I met a parent in Blue Cross North Carolina, who claimed and self professes that she loves her kids with her life and would never do anything wrong by her kids or by anyone. Now when you hear someone talk this way, I would steer clear of this person – hahahha!!! self-righteousness does not sit well with me .. when it comes to parenting.

Anyhow, lets come back to me.. being a helicopter mom. Yes – I have to admit that .. and yes.. i hover over my lil’ brat every chance i get. And even though i want her to learn to be independent – i still send Kate with her to the playground and to the summer camp. Is it wrong to be a helicopter mom..??? like all parents and parenting – in my humble opinion .. no one is right or wrong and nothing is by the book. Certain methods works for one parent but not for another – certain child does good by a certain way and others by another. But having said all the above, a helicopter mom like myself needs to be careful what message i’m sending to my child.

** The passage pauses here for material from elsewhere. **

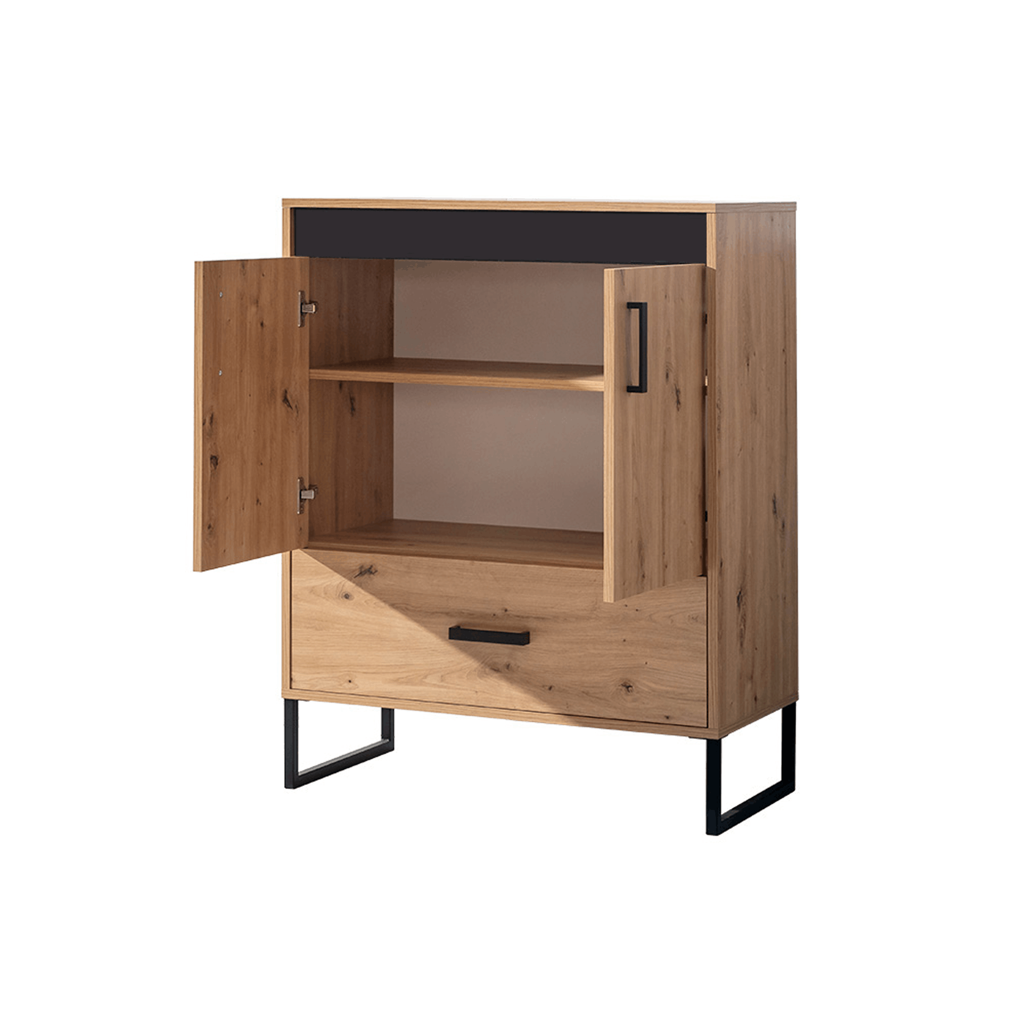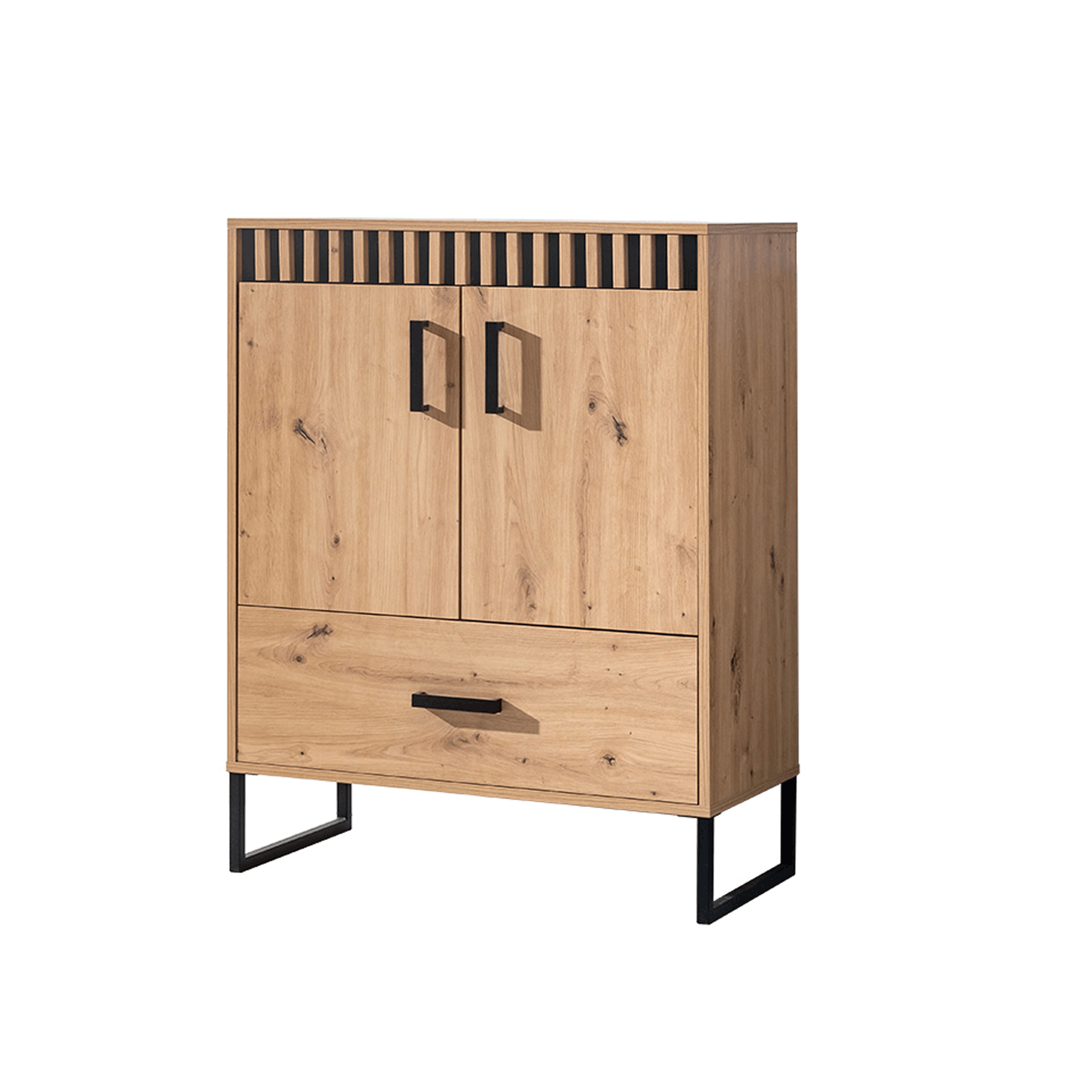 Kolekcja mebli Flix w kolorze dąb artisan to eleganckie i nowoczesne rozwiązanie. W kolekcji znajdziesz różnorodne meble, dzięki czemu możesz kompleksowo urządzić przestrzeń. Czarne uchwyty dodają meblom charakteru i wyrazistości, a opcjonalne lamele pozwalają na spersonalizowanie wyglądu, dopasowując go do Twojego gustu i stylu wnętrza.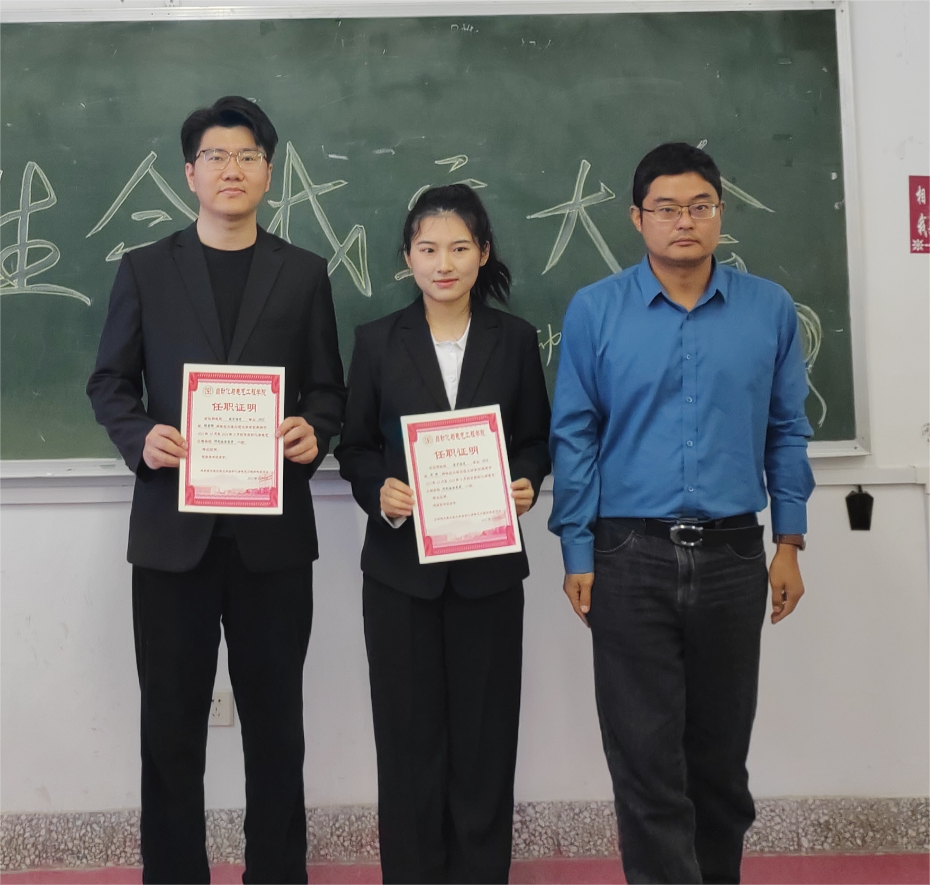 第一届研究生会名单的通知》。程飞和孙贵雄老师分别为本届研究生会主席团成员与部门负责人颁发聘书。新上任的研究生会学生干部的正式上岗,为自电学院的研究生学生工作注入了新的活力,在他们的眉宇之间,是自电学院充满希望的明天。

Experts claimed that this trend of hyper-parenting does not go well with the current trend. And over the last 20 yrs or so hyper-parenting is the norm here in the West but it is the same as in the East. I’ve friends who are exactly like myself – so donch beat yourself up if you identify with me.

Why the birth of the bubble..?? I think it’s because we grew up in the era of the more relaxed parenting or rather our parents were very busy at work and trying to put food on the dinner table. So we were left to our own devices and we were told to play outside until the sky turns dark. We pretty much invented our own games and work things out ourselves with our peers, there were no intervention like the ones we do for our kids now.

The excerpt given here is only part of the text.